» Try it: Starting at the first line of the records and stopping at the line that contains "NEW Contemporary Grey", transcribe every line exactly and leave out the pictures.

(Stored records)
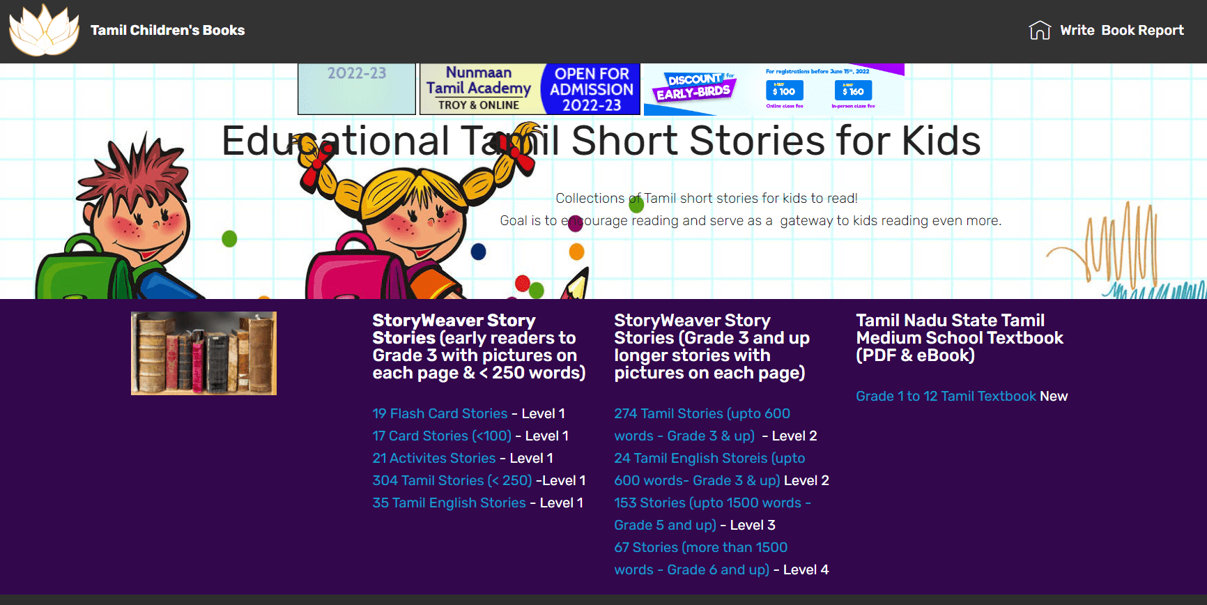 Tamilpalli contains various Tamil short stories for kids. It’s important for kids to read the language properly and understand the meaning of the language. By reading short stories kids can learn to read and understand the meaning. It has a link to many moral stories and Tamil StoryWeaver online books which really help the kids to learn the language easily.
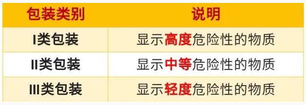 按照危險(xiǎn)程度,對(duì)第1類(lèi)、第2類(lèi)、第7類(lèi)、第5類(lèi)的5、2項(xiàng)、第6類(lèi)的6、2項(xiàng)以及第4類(lèi)的4、1項(xiàng)自反應(yīng)物質(zhì)以外的其他各類(lèi)危險(xiǎn)貨物,可劃分為I類(lèi)、II類(lèi)、III類(lèi)三個(gè)包裝類(lèi)別:
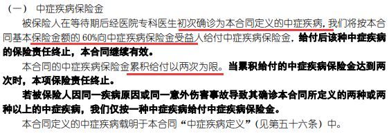 - 中症25种,赔付2次,每次赔付60%基本保额;
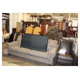 NEW Contemporary Grey Upholstered Button Tufted Decorator Sofa Auction Estimate $200-$400 – Located
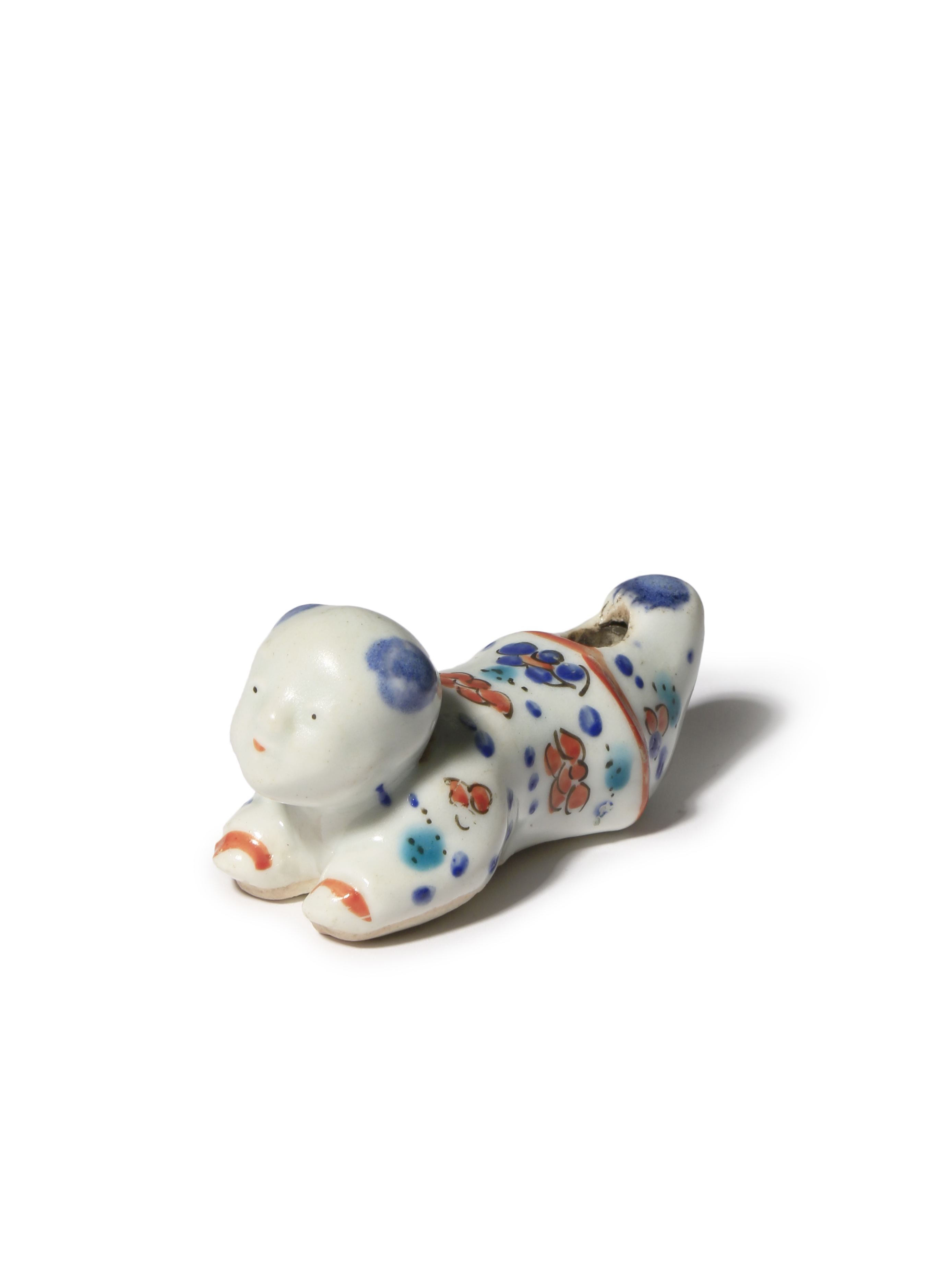 A JAPANESE KAKIEMON-STYLE WHISTLE C.1700 Modelled as a small boy lying on his belly
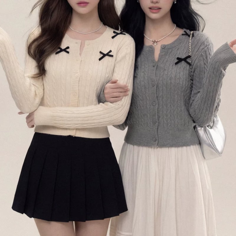 ribbon long sleeve cropped knit cardigan set m1648
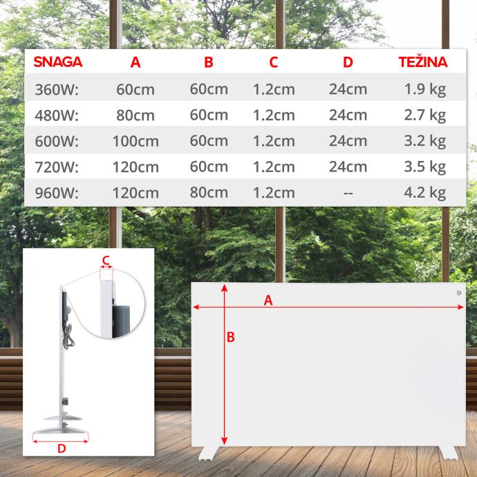 – Za grijanje prostorije do 24m kvadratnih u idealnim uvjetima,
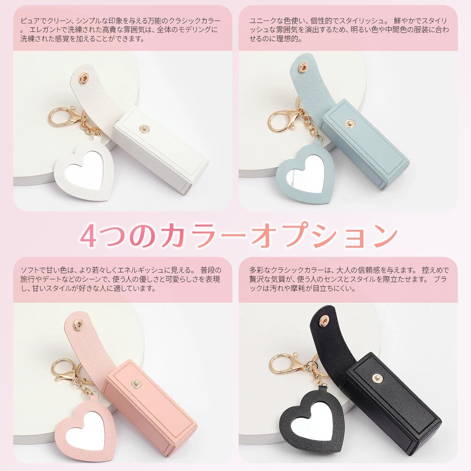 【ミラー付き】このリップスティックホルダーにはミニミラーが付いており、外出時にメイクやタッチアップをするのに便利なミニミラーが付いています。小さなミラーはPUレザーリングで包まれているので、壊れたり触れたりする心配はありません。レザーリングはより多くの保護を提供します。
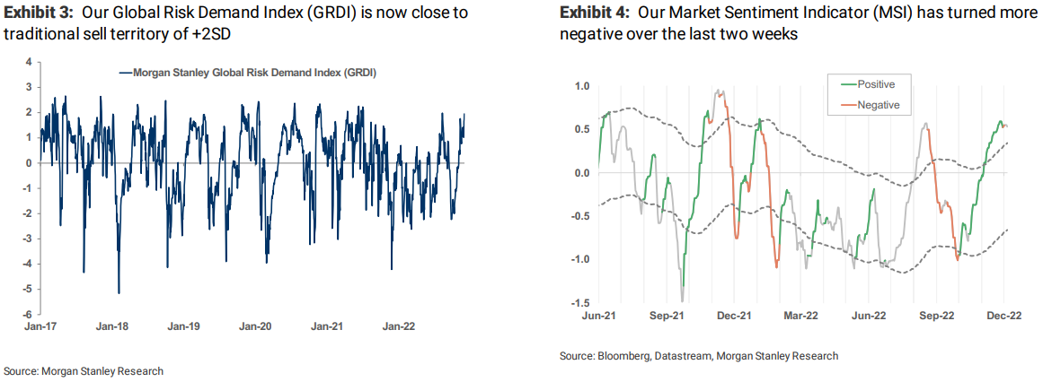 Es más, el “z-score” se evidencia que el buen comportamiento relativo de Cíclicas es consistente no solo con el del índice sino también con el visto en los spreads tanto de crédito IG como HY. Por tanto, aunque el análisis puede sugerir que las Cíclicas no caerán hasta que no lo haga el mercado Graham destaca que algunos de los indicadores técnicos más importantes como el MS Global Risk Demand Index (GRDI) o el MS Sentiment Indicator (MSI) están empezando a dar señales de venta y de deterioro del sentimiento respectivamente lo que apunta a un mayor riesgo a la baja para las Cíclicas.
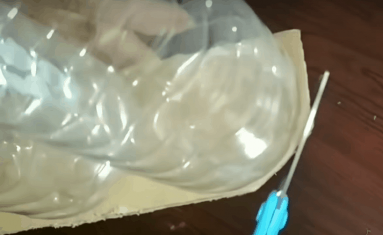 Вырежете широкое кольцо из пластиковой бутылки (можно использовать верхушку бутылки из первой идеи). Разрежьте его по высоте с одной стороны.
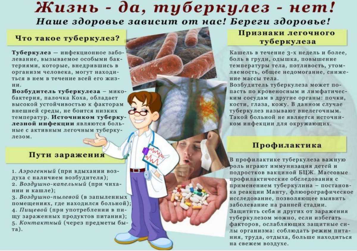 Как помочь больному, как дезинфицировать его вещи, делать уборку в помещении, обрабатывать мокроту – об этом расскажут в туберкулезном диспансере. Вся семья больного должна наблюдаться в диспансере по контакту, вовремя обследоваться и проходить профилактические курсы лечения в соответствии с рекомендациями фтизиатра.
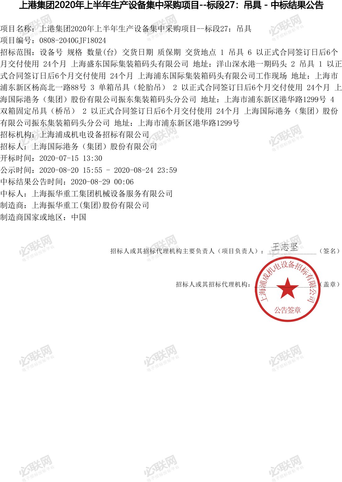 上港集團(tuán)2020年上半年生產(chǎn)設(shè)備集中采購項(xiàng)目--標(biāo)段27:吊具中標(biāo)結(jié)果公告(1)
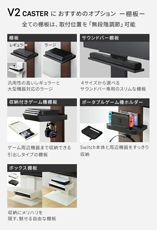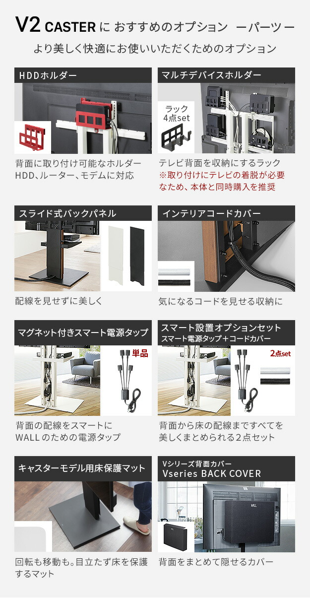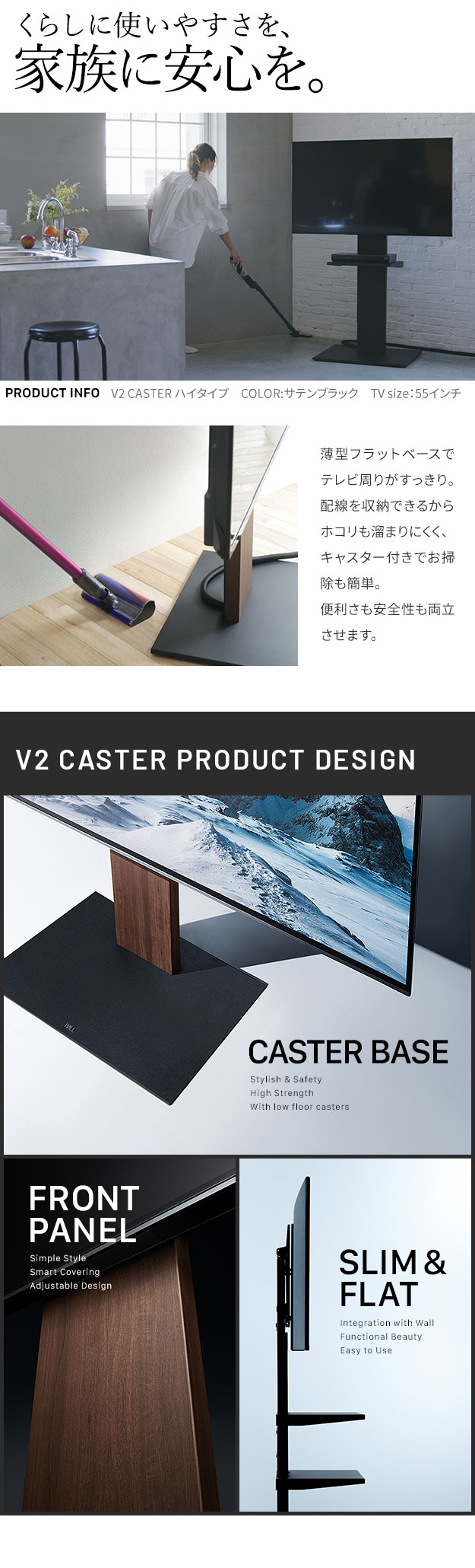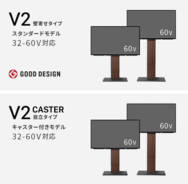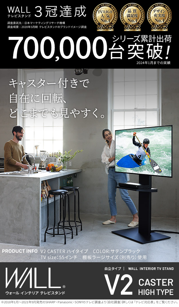 テレビスタンド V2 CASTER ハイタイプ 32〜60v対応 テレビ台 テレビスタンド TVスタンド キャスター付き フラットベース 自立型 背面収納 コード隠し モダン おしゃれ スタイリッシュ 白 黒 木目 ホワイト ブラック ブラウン WALLインテリア EQUALS イコールズ
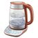 Корпус чайника выполнен из сочетания стекла, нержавеющей стали и пластика. Ручка выполнена из пластика и на ней расположена кнопка открытия крышки чайника. При включении чайника загорается подсветка.

» Expected output:
 Tamilpalli contains various Tamil short stories for kids. It’s important for kids to read the language properly and understand the meaning of the language. By reading short stories kids can learn to read and understand the meaning. It has a link to many moral stories and Tamil StoryWeaver online books which really help the kids to learn the language easily.
 按照危險(xiǎn)程度,對(duì)第1類(lèi)、第2類(lèi)、第7類(lèi)、第5類(lèi)的5、2項(xiàng)、第6類(lèi)的6、2項(xiàng)以及第4類(lèi)的4、1項(xiàng)自反應(yīng)物質(zhì)以外的其他各類(lèi)危險(xiǎn)貨物,可劃分為I類(lèi)、II類(lèi)、III類(lèi)三個(gè)包裝類(lèi)別:
 - 中症25种,赔付2次,每次赔付60%基本保额;
 NEW Contemporary Grey Upholstered Button Tufted Decorator Sofa Auction Estimate $200-$400 – Located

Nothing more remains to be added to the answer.